In a rematch against Rashad Evans on August 6, 2011, at UFC 133, in which he replaced an injured Phil Davis on two weeks' notice, Ortiz lost in the second round by TKO via strikes, despite nearly finishing Evans in round one with a guillotine. Despite the loss, this fight earned him a $70,000 Fight of the Night award.

Ortiz faced Antônio Rogério Nogueira on December 10, 2011, at UFC 140. He lost the fight via TKO in the first round. He would state after the fight that he had suffered a neck injury before the fight, but decided to fight anyway in the hope of bringing the fans a victory.

Ortiz then stated he would retire after his next fight, the last of his contract, against Forrest Griffin at UFC 148.

Ortiz faced Forrest Griffin for a third time on July 7, 2012, at UFC 148. Ortiz was inducted into the UFC Hall of Fame prior to his final bout. He lost in a $75,000 Fight of the Night winning performance (despite landing 2 knockdowns and 2 takedowns to Griffin's zero).

=== Brief retirement ===
Following his loss to Griffin, Ortiz retired from MMA and started up a management company, Primetime 360 Entertainment & Sports Management Inc. The management team would pick up Cristiane "Cyborg" Justino as its first high-profile client. He came out of retirement to fight in Bellator MMA.
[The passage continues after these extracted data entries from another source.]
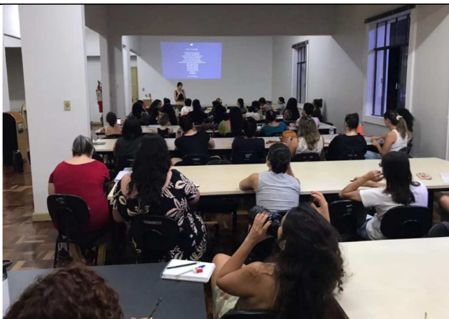
Oficina Escrita e Cura – 10/02/2025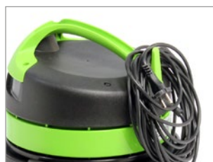
GANCHO PARA CABLE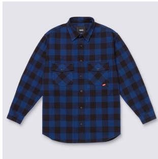
PLAID SHIRT (BLACK BLUE PLAID)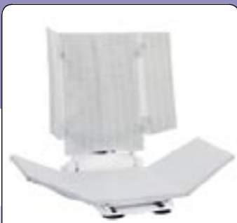
Encosto especial reclinável para BELUGA Com abas laterais.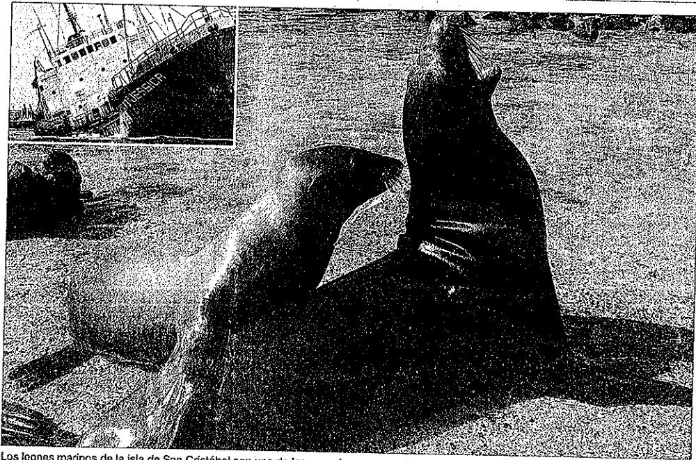
Los leones marinos de la isla de San Cristóbal son una de las especies amenazada por el derrame.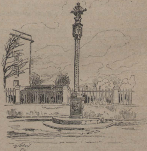
TARRAGONA.—Creu de Sant Antoni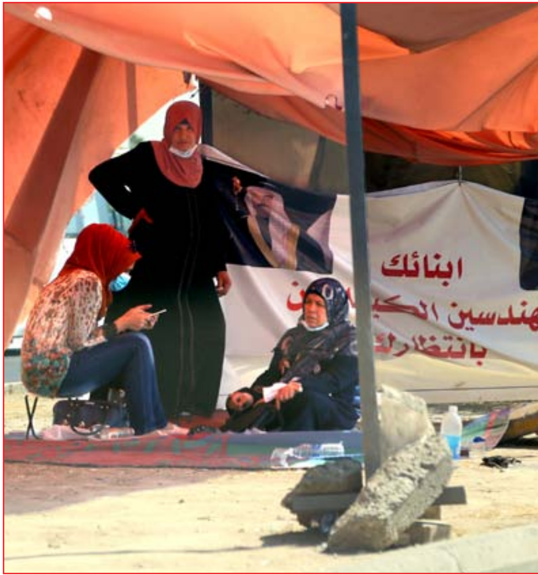
خيمة للمعتصمين أمام وزارة النفط...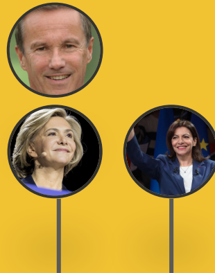
Hidalgo Dupont-Aignan Pecresse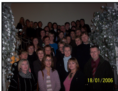
Útskrift viðurkenndra bókara 2006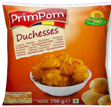
Duchesses 750 g - Pack 12 23 01 03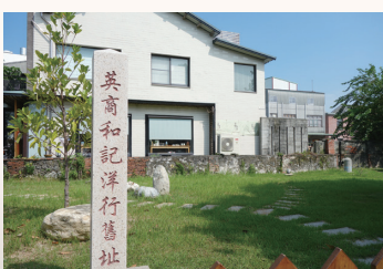
●和記洋行舊址地處立碑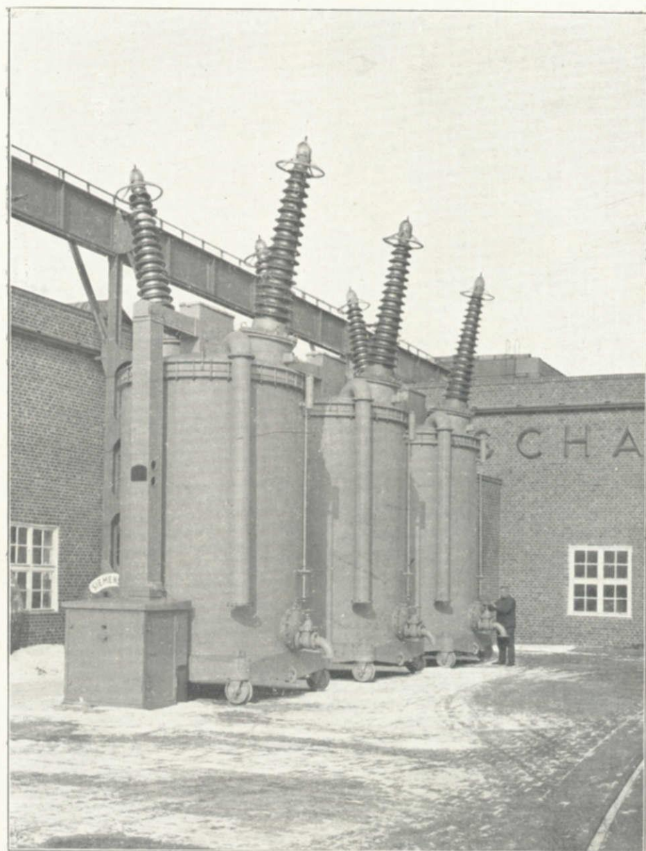
220,000 V. 630 A 屋外用自働油入遮断器 獨特の多重遮断式で Condenser bushing を用ひ、操作用電動機 の所要電力は僅かに 11KW であります。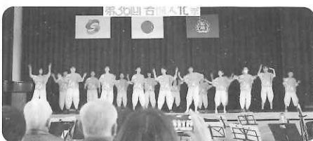
若楠小 チーム若楠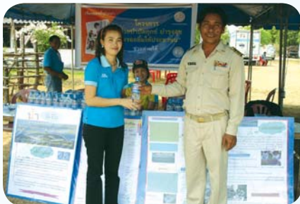
สาขาที่ 52 สำนักงานประปาเดชอุดม เมื่อวันที่ 18 มีนาคม 2552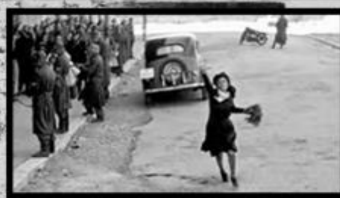
Roma Ciudad Abierta (1969) Roberto Rossellini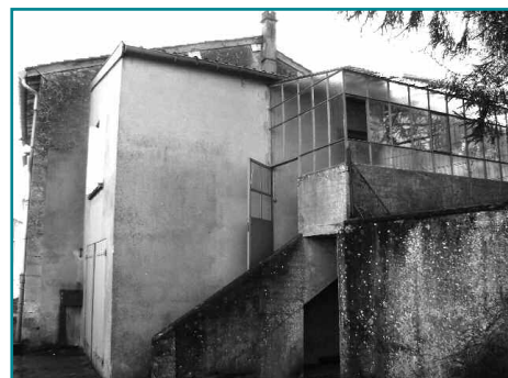
La maison située rue Maxime Gouraincourt avant réhabilitation

Les travaux relatifs à la réhabilitation de deux logements à Gouraincourt viennent de débuter. Ces deux réhabilitations situées rue Maxime Gouraincourt auront des superficies de 78 et de 93 mètres carrés. Après analyse de la Commission d'Ouverture des Plis, l'entreprise DU CHAIRE a été choisie pour le gros œuvre, PELLIN pour la charpente, la couverture et la zinguerie, A.P.B. pour la menuiserie extérieure, TABACCHI pour la plâtrerie et l'isolation, LAMBOTTIN pour l'électricité, HIRSCHAUER-EGIL pour le chauffage, la plomberie, la ventilation et les sanitaires, GIL pour la faïencerie et le carrelage, TONNES pour la peinture et EUROVIA pour la voirie et aménagements extérieurs. Le lot 4 relatif aux menuiseries intérieures a été déclaré infructueux et remis en procédure. Des demandes de subventions ont été effectuées auprès du G.I.P. (Groupement d'Intérêt Public) Objectif Meuse et du Conseil Régional de Lorraine. Les travaux orchestrés par l'architecte PIERRON seront achevés courant 2009.

On February 14, 2014, Tito Ortiz stepped down as manager for Cristiane "Cyborg" Justino.

=== Bellator MMA ===
On July 31, 2013, it was announced that Ortiz would come out of retirement to face former training partner and fellow former UFC Light heavyweight Champion Quinton Jackson on November 2, 2013, at Bellator 106. However, on October 25, it was announced that Ortiz suffered a neck injury and had to pull out of his fight with Jackson. Despite having to deal with another injury, Ortiz said that he would still focus on a return to the cage and then Bellator President Bjorn Rebney said that they still wanted to see Ortiz compete in their organization.
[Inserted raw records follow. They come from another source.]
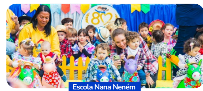
Escola Nana Neném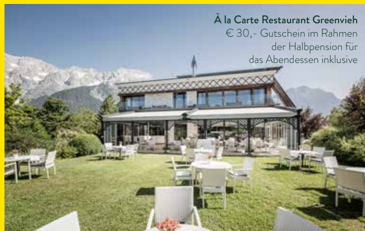
À la Carte Restaurant Greenvieh € 30,- Gutschein im Rahmen der Halbpension für das Abendessen inklusive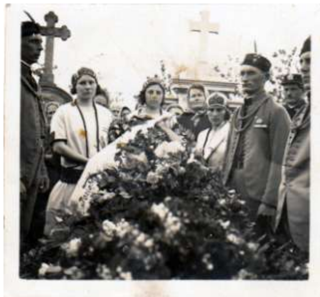
Na fotografii někdy z 20.let 19.stol. Pohřeb za přítomnosti Sokolů a hasičů. Fotografováno na severní straně hřbitova.

A nyní se projdeme po hřbitově, určitě nás ledasco zaujme :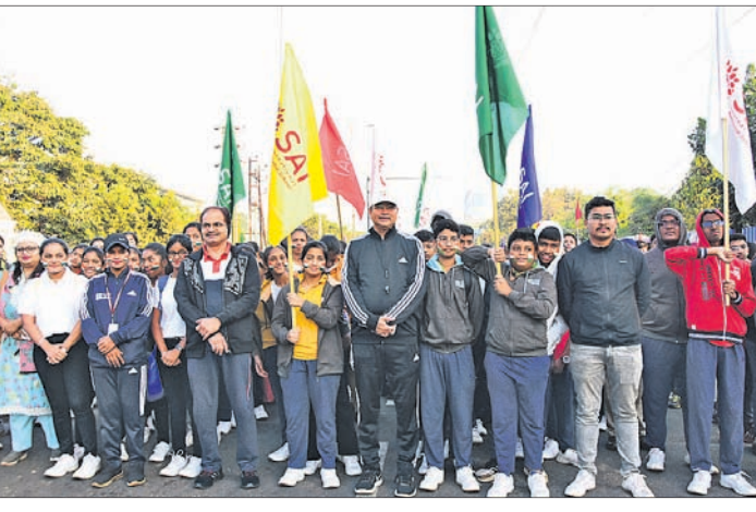
ପଥ ଉତ୍ସବରେ ସାମିଲ ହୋଇଥିବା ସାଇକେଲିଂ ଷ୍ଟୁଡିଂ ଷ୍ଟୁଡିଂ ।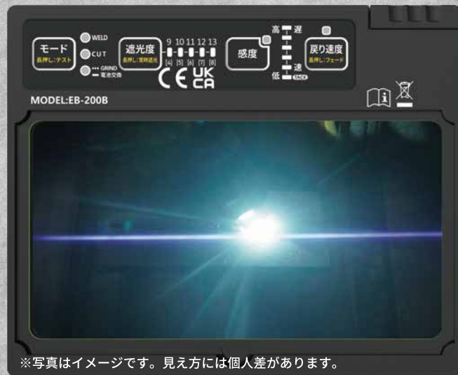
※写真はイメージです。見え方には個人差があります。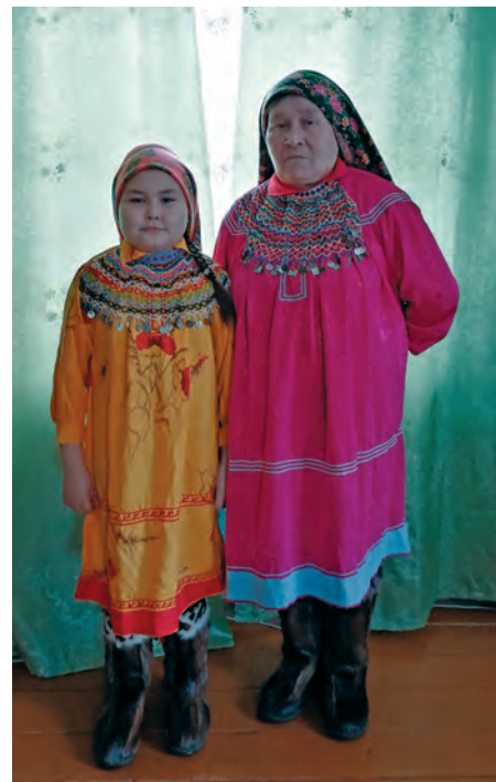
З.П. Тоголмазова Тая апыгрище ёт

Остеров Кульпасныл олыс. Каңк оньщёгум, наме Женя, увшим Анна. Тән сас колтаглыңыг-няврамыңыг ёмтсыг.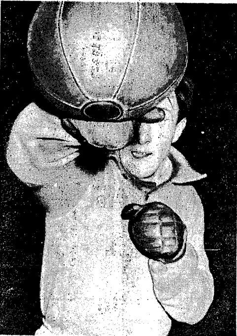
pod „W NIEDZIELĘ”

Przebieg pierwszej trzeci i ostatnie 10 min. ostatniej najbar-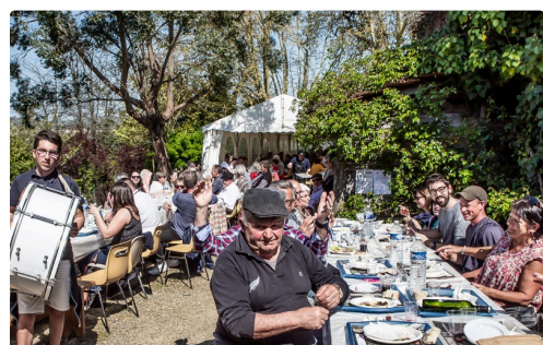
12 Autre coin de repas aux tisons en musique 1bis 300319.jpg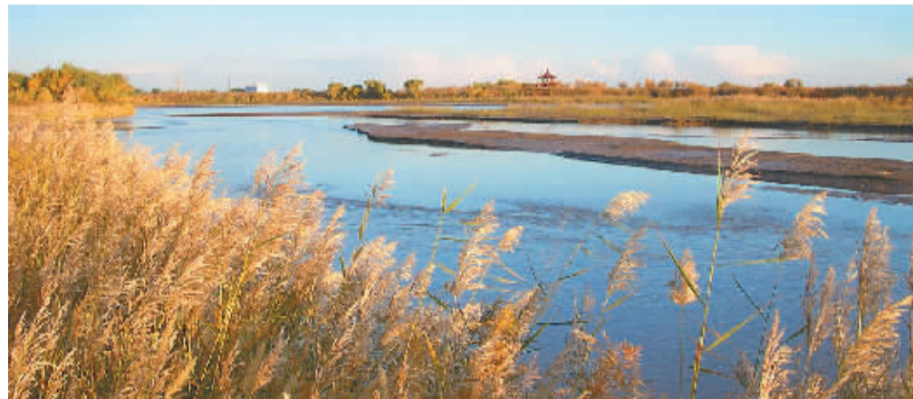
从东风航天城边流淌而过的弱水河

射中心到了。就是在这样的荒凉中有一座航天城,这里是科学卫星、技术试验卫星和运载火箭的发射基地,也是载人航天发射场。航天城是戈壁荒滩中的绿洲,1950 年代初建时是个牧场,经过半个世纪投入建设,基地里绿树成荫。是第一代航天城人从数百里之外运来泥土,辛苦地堆出了这个大漠之城。

Ortiz faced Bellator Middleweight champion Alexander Shlemenko, in a match up at Light Heavyweight, in his Bellator debut on May 17, 2014, at Bellator 120. He won via first round arm-triangle choke submission. In his victory speech, he was dismissive of the UFC for the company's attempts to remove him from their history, calling it "bullshit" and stated that he will "live in the MMA memory forever".

Ortiz faced fellow UFC Hall of Famer Stephan Bonnar on November 15, 2014, at Bellator 131. He won via split decision.

On June 19, 2015, it was announced that Ortiz would face Liam McGeary for the Bellator Light Heavyweight Championship. The match eventually took place on September 19, 2015, at Bellator 142: Dynamite 1. Ortiz lost the fight via inverted triangle choke in the first round.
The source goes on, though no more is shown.